Runtime difference between cmdstan v2.28.2 and v2.27.0

Hi all,

just wanted to report a difference in runtime between the current cmdstan version 2.28.2 and version 2.27.0 using within-chain parallelization via reduce_sum (4 cores, parallel_chains = 2, threads_per_chain = 2).

The R code below first uses Stan to simulate data. Then, when running the model for parameter recovery, runtime is roughly 12 minutes with version 2.27.0 and more than 25 minutes with the current version 2.28.2. With the current version Chain 2 finishes when Chain 1 is only at iteration 100/600. With version 2.27.0, the chains’ progress is roughly parallel.

Should this be expected, e.g., because the scheduler assigns threads in an inefficient way (but then Chain 2 should not take that long), or is this a bug in v2.28.2 that should be reported at github.com/stan-dev/cmdstan/issues?

Using Windows 10 x64, i7-10510 (4 cores), 16GB RAM

library(cmdstanr)
library(posterior)
library(magrittr)
library(dplyr)
library(purrr)

# change version
cmdstanr::set_cmdstan_path("./.cmdstan/cmdstan-2.27.0") # or "./.cmdstan/cmdstan-2.28.2"


# set common data for simulation --------------------------------------------------------
set.seed(10364)
I <- 10 # items
J <- 1000 # responses
m <- sample(x = 2:10, size = I, replace = TRUE)-1 # response categories for items
x_2 <- rnorm(J, 10, 5) # covariate 1
x_3 <- rbinom(J, 3, .65) # covariate 2
X <- cbind(1, x_2, x_3, x_2*x_3) # covariate matrix (incl. intercept and interactions)

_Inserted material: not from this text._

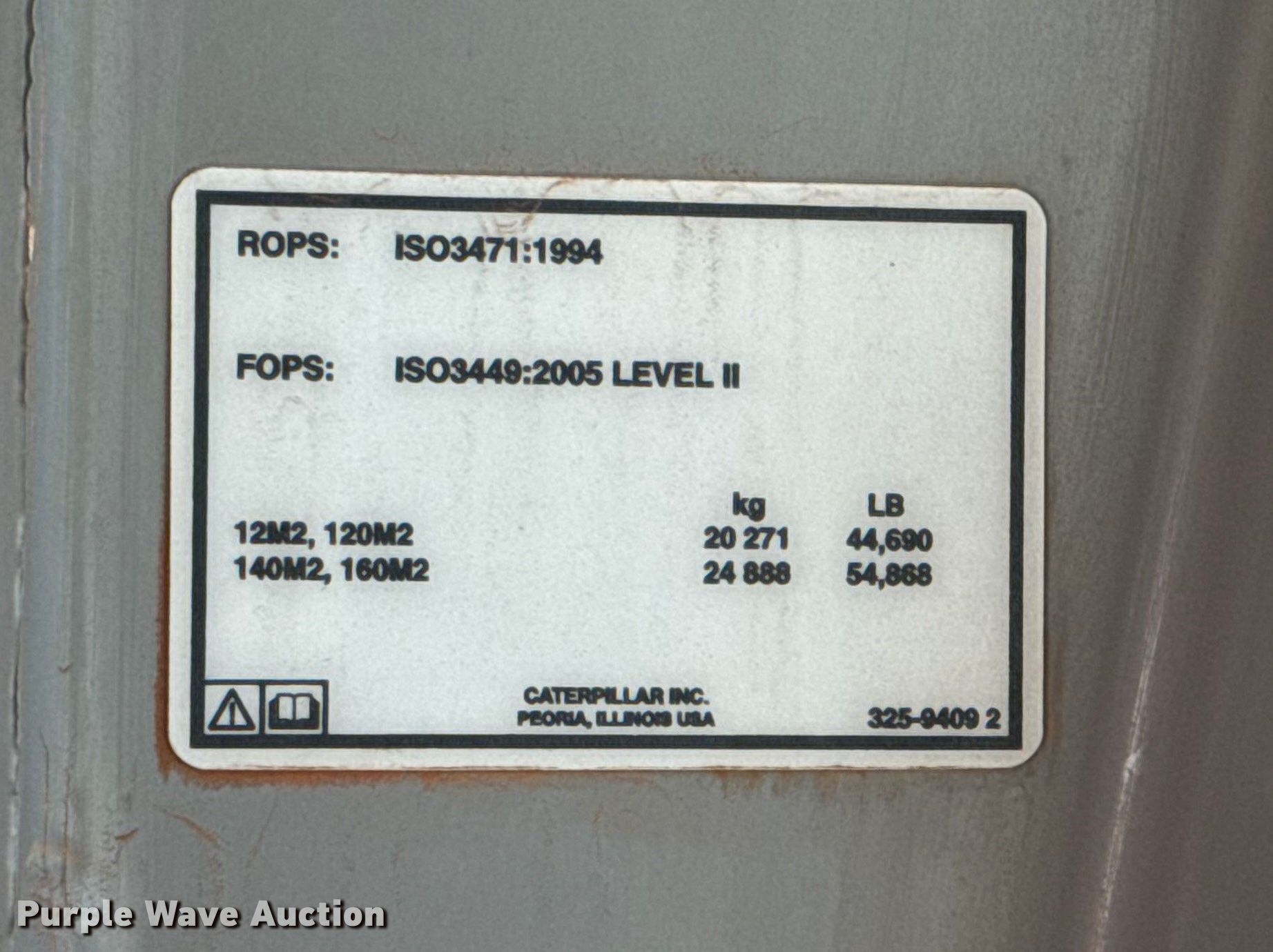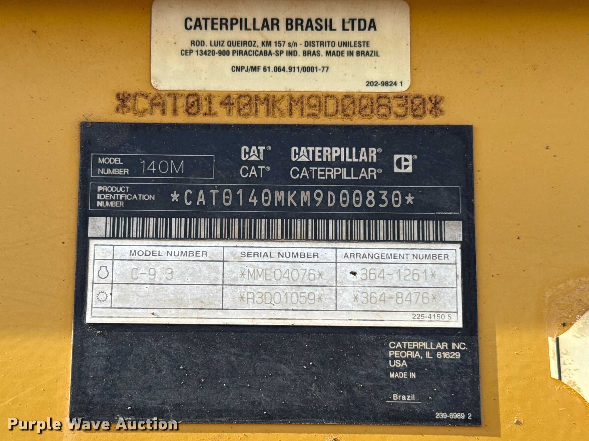Purple Wave is selling a used Motor Grader in Oklahoma. This item is a 2012 Caterpillar 140M2 motor grader with the following: Hours: 13,109 on meter, Serial: CAT0140MKM9D00830

#### GRADED RESPONSE MODEL ==============================================================

# stan model to simulate response -------------------------------------------------------
sim_grm <- "// GRADED RESPONSE MODEL

data {
  int<lower=1> I;                // Number of items
  int<lower=1> J;                // Number of respondents
  int<lower=1> N;                // Total responses
  int<lower=1> m[I];             // Number of difficulty parameters per item
  int<lower=1,upper=I> ii[N];    // Item ID
  int<lower=1,upper=J> jj[N];    // Person ID
}

transformed data {
  int pos_alpha[I];              // First position in difficulty for item
  int pos_delta[I];              // First position in between-step change for item 
 
  pos_alpha[1] = 1;
  pos_delta[1] = 1;
  for(i in 2:(I)) {
    pos_alpha[i] = pos_alpha[i-1] + m[i-1];
    pos_delta[i] = pos_delta[i-1] + m[i-1] - 1;
  }
}

parameters {
  vector[I] eta;                    // First diffulty parameter for each item
  vector<lower=0>[sum(m)-I] delta;  // Between-step changes in difficulty
  real<lower = 0> beta[I];          // Discrimination parameters - monotonicity constraint
  vector[J] theta;                  // Ability parameter
}

transformed parameters {
  vector[sum(m)] alpha;            // Composite item difficulty parameters
  
  for(i in 1:I) {
    if (m[i] > 0)
      alpha[pos_alpha[i]] = eta[i];
    for (k in 2:m[i])
      alpha[pos_alpha[i]+k-1] = alpha[pos_alpha[i]+k-2] + delta[pos_delta[i]+k-2];
  }
}

model{
  // Priors
  eta ~ normal(0,2);
  delta ~ normal(0,2);
  beta ~ lognormal(1,1);
  theta ~ normal(0,1);
}

generated quantities {
  vector[N] y;         
  
  // Simulation
  for (n in 1:N) {
    y[n] = ordered_logistic_rng(theta[jj[n]] * beta[ii[n]],
                                segment(alpha, pos_alpha[ii[n]], m[ii[n]]));
  }
}
"
write(sim_grm, "sim_grm.stan")

# compile model -------------------------------------------------------------------------
sim_grm <- cmdstan_model(stan_file = "sim_grm.stan")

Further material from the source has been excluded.